Henry Foley, S.J. (9 August 1811 – 19 November 1891) was an English Jesuit Roman Catholic church historian.

Biography
He was born at Astley in Worcestershire, England on 9 August 1811. His father was the Protestant curate in charge at Astley. After his early education at home and at a private school at Woodchester, Henry was articled to a firm of solicitors in Worcester, and in the course of time practised as a solicitor, at first in partnership with another, then by himself.
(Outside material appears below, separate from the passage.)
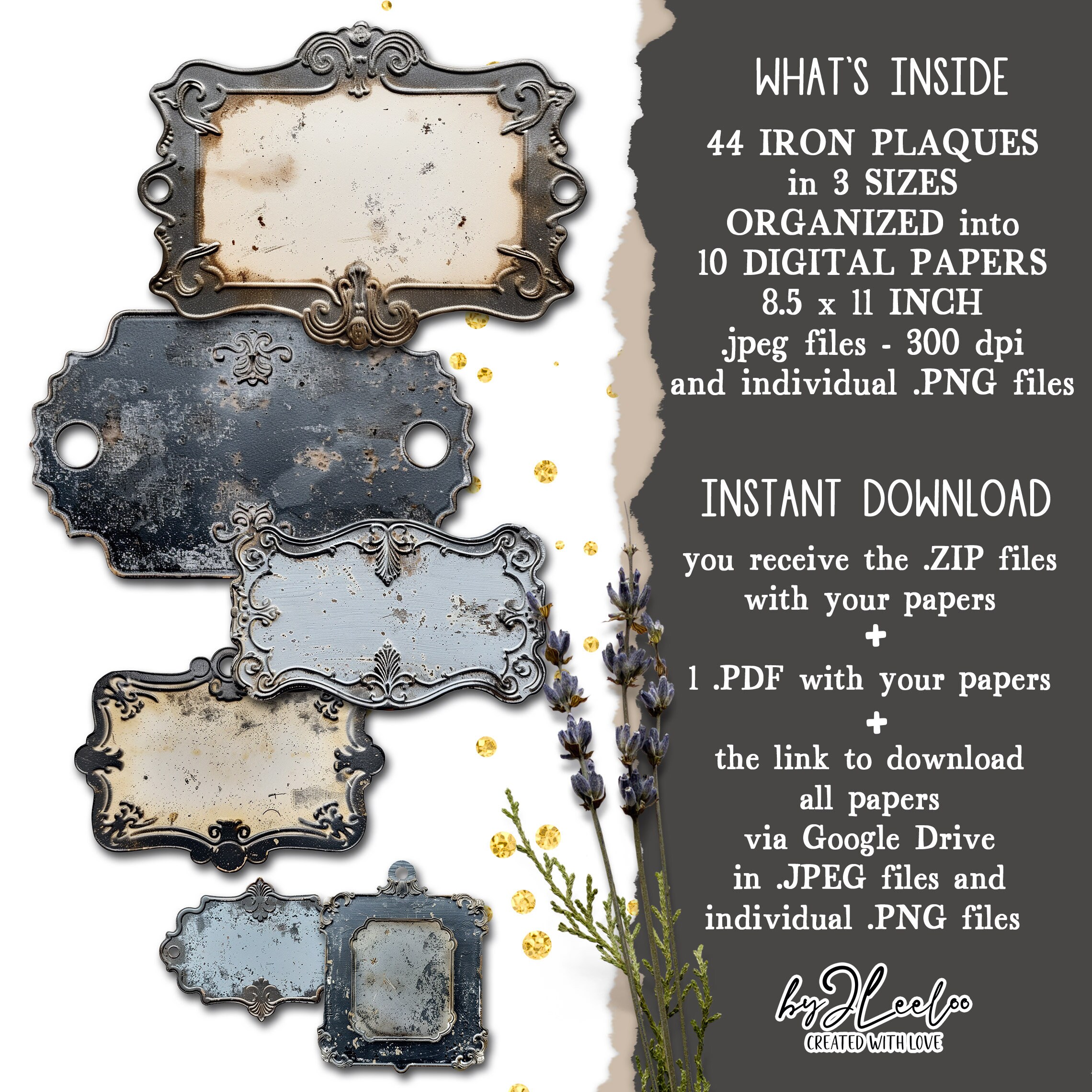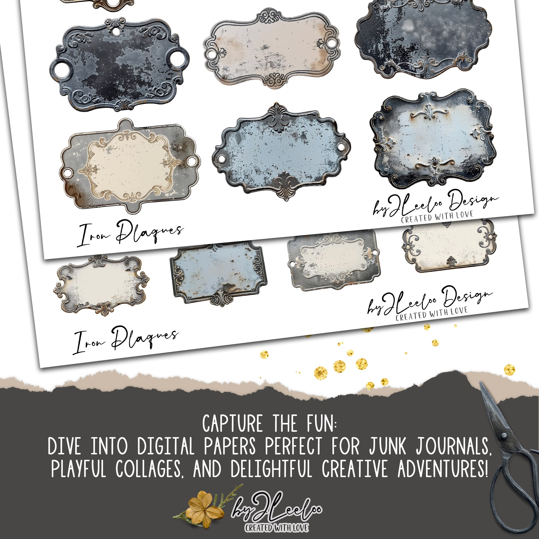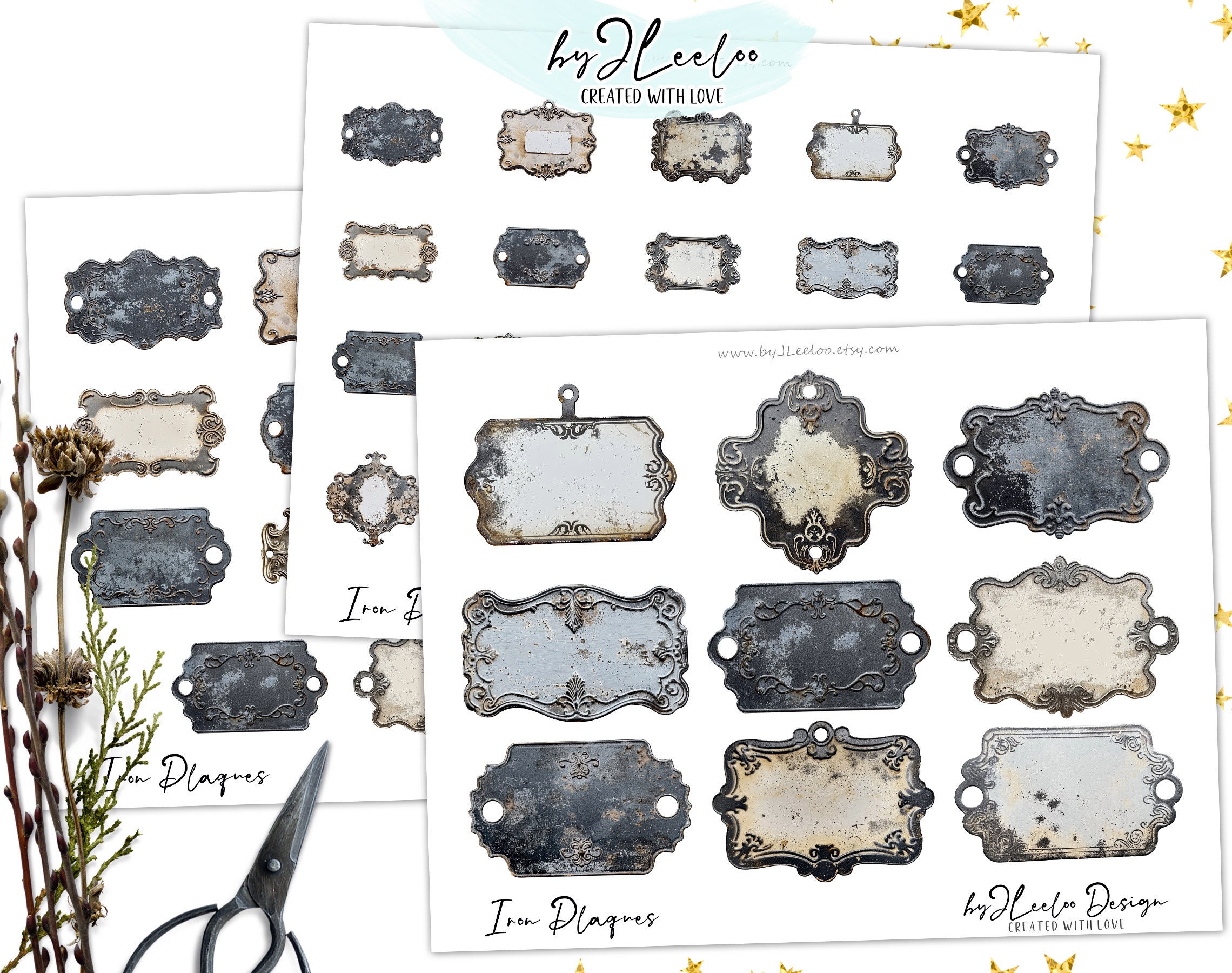 IRON PLAQUES antique vintage supplies for journal diary and paper art | Grunge ephemera Steampunk images digital collage | Writable | tl279

Under the influence of the Oxford Movement he was led to embrace the Catholic faith in 1846, and five years later, on the death of his wife Anne, daughter of John Vezard of Gloucestershire, he sought admission as a lay brother into the Society of Jesus. Urged to enter as a scholastic and to prepare for the priesthood, he said it was Our Lady's wish that he should be a lay brother. For thirty years he occupied the post of lay brother socius to the English provincial superior.

During that time he produced his gigantic work, The Records of the English Province of the Society of Jesus (eight octavo volumes), a compilation of immense labour and original research and an invaluable store of historical detail put together with a persevering assiduity rarely found even in the most painstaking of historians. Brother Foley deserves to share with Father Henry More the title of historian of the Society. He also wrote Jesuits in Conflict, a work describing the sufferings of some of the English Jesuit confessors of the Faith.

As a religious, Brother Foley was a model of every virtue. His bodily austerities were remarkable, while his spirit of prayer led him at all free moments to the chapel.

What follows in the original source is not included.